[Spambayes] expiration ideas.

Anthony Baxter anthony@interlink.com.au
Mon Oct 21 07:06:53 2002


>>> Tim Peters wrote
> OTOH, what's the purpose of expiration?  I can think of two:
> 
> 1. To reduce database size.
> 
> 2. To accelerate adaptation to changes in ham and/or spam.

The former. I'm trying to think about how this could be deployed "in 
the real world". 

Note also that I'm not so much worried about adapting to spam as 
adapting to changing ham patterns. I know that my own email changes 
over time (for instance, until this project started, I doubt the word 
"Nigerian" would have been considered a strong ham indicator for me :)

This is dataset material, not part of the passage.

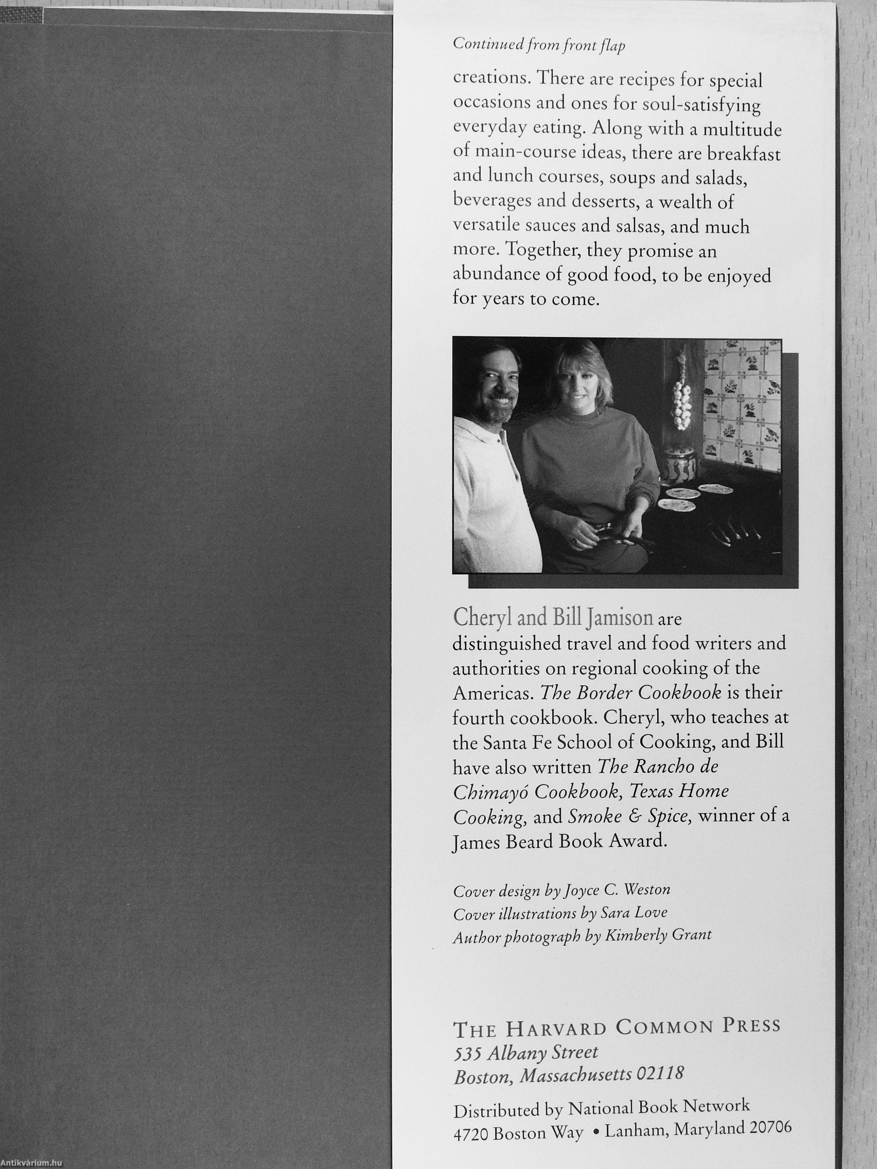 Cheryl and Bill Jamison are distinguished travel and food writers and authorities on regional cooking of the Americas. The Border Cookbook is their fourth cookbook. Cheryl, who teaches at the Santa Fe School of Cooking, and Bill have also written The Rancho de Chimayo Cookbook, Texas Home Cooking, and Smoke & Spice, winner of a James Beard Book Award.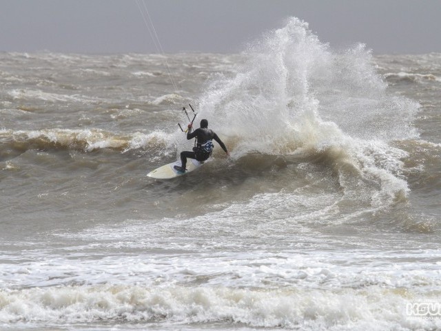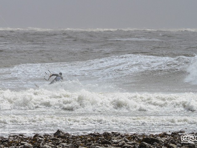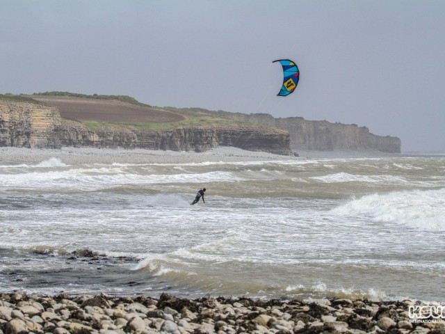 My buddy Neil, who had posted that fateful comment on my Facebook wall less than 15 hours earlier, assured me it would get better as the tide dropped a little more. So we braved the freezing cold, pulled on some neoprene and pumped up our smallest kites. Clambering down and over the rocks to the launch site I considered that this was possibly the windiest I had ever been out with a kite – I could barely walk into the wind to the launch site.

(somewhat off-topic, but related: I also suspect that if the spambayes 
code is vulnerable to being deliberately sabotaged, it'll be the 
tokeniser that's the weak point, not the classifier. For instance, 
I already have a couple of persistent FNs with message bodies entirely 
encoded in javascript. I don't want to think about having to decode
javascript or run it to check if something's spam.)

I'm somewhat nervous of the "purge all unique words" approach - one
obvious failing is that it means if you _are_ doing ongoing training,
you'd want to batch up a bunch of messages. I'm also not sure that 
deliberately perverting the real world in that way isn't going against
the "stupid beats smart" meta-rule that's served us so far... 

but-then-maybe-stupider-beats-stupid, too.
Anthony.